That's very interesting, but can you see why it would
fail to fit in one case but not the other?  It looks to
me like maybe it's the mispredict, but you'd think
after an iteration or two it would re-enter the LSD with
the correct predictions.  We're nowhere near the
32 instruction bytes or 28 micro-ops or 8 taken branches.
I'm going to invert the if branch anyway, so that if
nothing else we get the same code for
    for y { }
and
    for { if !y { break } }
but I don't fully understand what's going on.
I played with performance counters using Shark for
a while but there wasn't anything that seemed interesting.
It looks like the Core i7 added an LSD_UOPS counter
but the Core 2 didn't have it despite having an LSD.

Russ

Jan Mercl

unread,
Oct 4, 2011, 10:06:50 AM10/4/11
to golan...@googlegroups.com
On Tuesday, October 4, 2011 3:54:03 PM UTC+2, Russ Cox wrote:
On Tue, Oct 4, 2011 at 08:17, Dmitry Vyukov <dvy...@google.com> wrote:
> I suspect it has to do with ...

That's very interesting, but can you see why it would
fail to fit in one case but not the other?  It looks to
me like maybe it's the mispredict, but you'd think
after an iteration or two it would re-enter the LSD with
the correct predictions.

IIRC, the branch prediction used to be fully static (like fwd:not taken, back:taken). Don't know if that changed in LSD, but when I try to imagine the HW requirements [within a multicore CPU with multiple level caches], I guess it's still the same old story today.

Dmitry Vyukov

unread,
Oct 4, 2011, 11:33:25 AM10/4/11
to r...@golang.org, golang-nuts
On Tue, Oct 4, 2011 at 5:54 PM, Russ Cox <r...@golang.org> wrote:
On Tue, Oct 4, 2011 at 08:17, Dmitry Vyukov <dvy...@google.com> wrote:
> I suspect it has to do with ...

That's very interesting, but can you see why it would
fail to fit in one case but not the other?  It looks to
me like maybe it's the mispredict, but you'd think
after an iteration or two it would re-enter the LSD with
the correct predictions.  We're nowhere near the
32 instruction bytes or 28 micro-ops or 8 taken branches.
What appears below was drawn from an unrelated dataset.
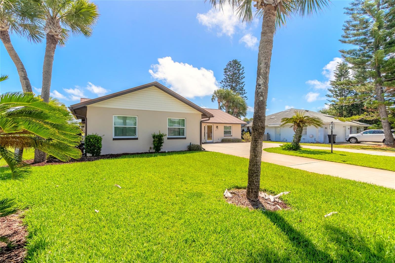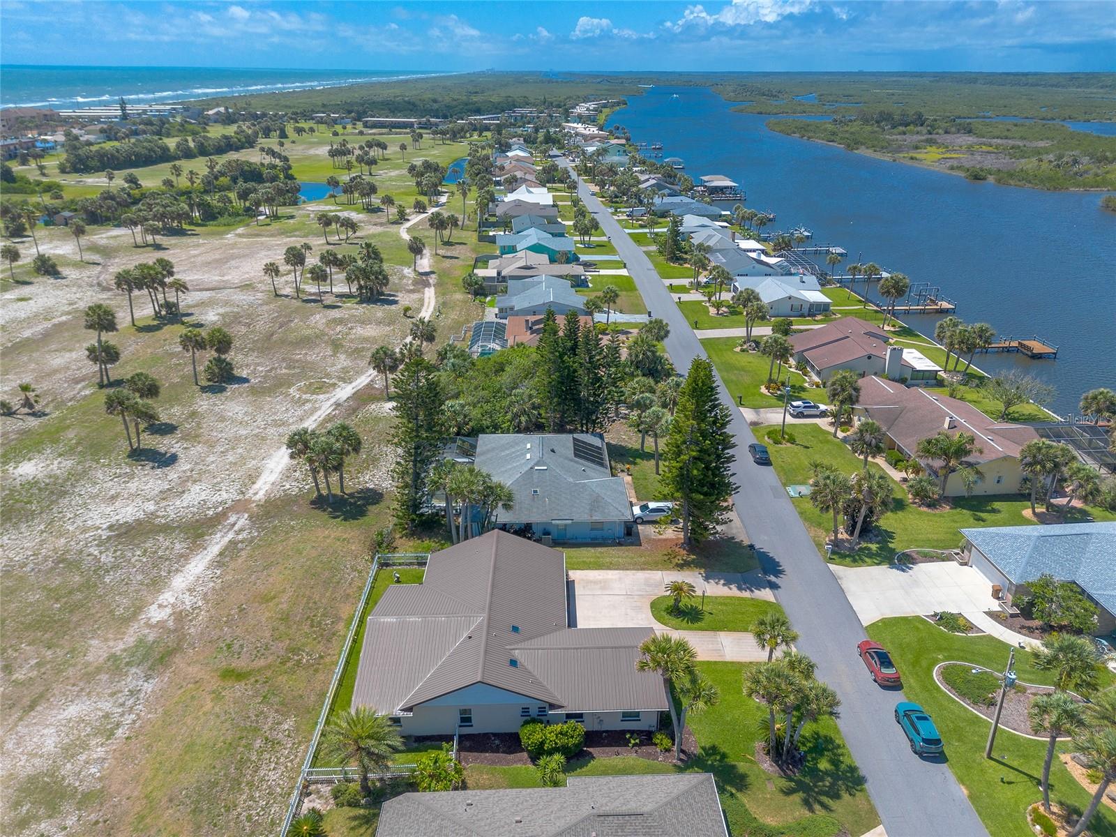 Private enclave home located between ocean and riveri in laid back Flagler Beach. Short walking distance to ocean with easy access, located on a 9 hole golf course offering beautiful, well-maintained views, and the proximity to two state parks that provide opportunities for outdoor activities. This single story 3 bdrm, 2 bath ranch-style home has a metal roof that is durable and long-lasting plus newer Hurricane impact windows and newer reinforced garage door. Underground utilities are a plus. It is well-maintained, reducing immediate upkeep, although some updating may be desired to modernize the space to your taste. NO HOA means fewer restrictions and no fees. This home provides an excellent foundation for a fulfilling lifestyle for an avid golfer, a beach enthusiast, or someone who appreciates the beauty of nature with state parks nearby. A must see!

I think it's RET instruction.

Or maybe it's just 1 additional jump. Because in the fast case I see 3 jumps with time spread like 33/33/33, and in slow case it's 4 jumps with time spread like 25/25/25/25...

 
I'm going to invert the if branch anyway, so that if
nothing else we get the same code for
    for y { }
and
    for { if !y { break } }
but I don't fully understand what's going on.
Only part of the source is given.